= Niall McCormack =

Irish painter )

Niall McCormack (born in Castlebar, County Mayo, Ireland) is an Irish painter.

== Early life ==
McCormack is deaf from birth. He received his special education at Mary Immaculate School for Deaf Children run by the Daughters of the Cross of Liege in Stillorgan, South Dublin. Six years later, he transferred to
Christian Brothers, St. Joseph's School for Deaf Boys, Cabra in North Dublin. He was one of the two first pupils to sit the Leaving Certificate examination.

He studied Architectural Drawing at Dublin Institute of Technology. He secured a place to study Art Foundation at Dun Laoghaire School of Art. He earned a NCEA certificate in Visual Education. McCormack studied Fine Art Painting at National College of Art and Design. He earned a NCAD diploma in Painting and a BA (Honors) degree. He was the first deaf student to study Fine Art at NCAD.

== Career ==

In 1988 McCormack taught deaf children art on a part-time basis at Mary Immaculate School for two years. He worked from his studio in Lower Ormond Quay.

In 2002 he was invited to have a solo exhibition at the Custom House Studios, Westport. He was the first artist to have an exhibition at the new Arts centre.

Since 2007, he has exhibited at RHA regularly. He had four solo exhibitions, in 2008, 2010, 2012, and 2015. In 2011, he had a solo exhibition at the Linenhall Arts Centre.

He is included in the dictionary of Living Irish Artists.

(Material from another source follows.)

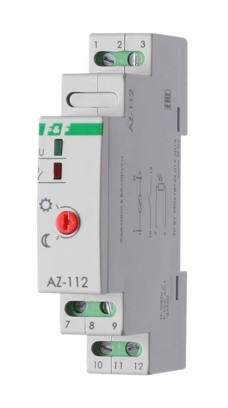 Фотореле AZ-112 (выносной герметичный фотодатчик монтаж на DIN-рейке 1 модуль 230В 16А) F&F EA01.001.013 Евроавтоматика

He currently lives and works in Westport, Co. Mayo. He has a tuxedo cat called Domino.

==Solo exhibitions==

- 2015 – "Ocular Mantra", Molesworth Gallery, 16 Molesworth Street, Dublin 2
- 2012 – Castlebar, "New Work", Molesworth Gallery, 16 Molesworth Street, Dublin 2
- 2012 – Castlebar, "Exhibition of Portraits", Westport Arts Festival, Westport, Co. Mayo
- 2011 – Castlebar, "The Incidence of Light", The Linenhall Arts Centre, Castlebar, Co. Mayo
- 2010 – Castlebar,"Inside Out" Molesworth Gallery, 16 Molesworth Street, Dublin 2
- 2009 – Castlebar,Courthouse Gallery, Ennistymon, Co. Clare
- 2008 – Castlebar,"Gothic Pastel" Molesworth Gallery, 16 Molesworth Street, Dublin 2
- 2005 – Castlebar, Custom House Studios Gallery, Westport, Co. Mayo, Ireland
- 2002 – Castlebar, Custom House Studios Gallery, Westport, Co. Mayo, Ireland
- 1998 – Castlebar,Solo show, Diorama Art Gallery, London.

== Collections ==

- AXA Insurance
- Westport Town Council
- Mayo County Council
- DeafHear, Dublin
- University of Limerick
- Gallaudet University, Washington DC
- See Hear, BBC, London, England
- Leinster Society of Chartered Accountants, Dublin
- Mary Hare Grammar School, Newbury, Berkshire, England
- private collections in Ireland and abroad.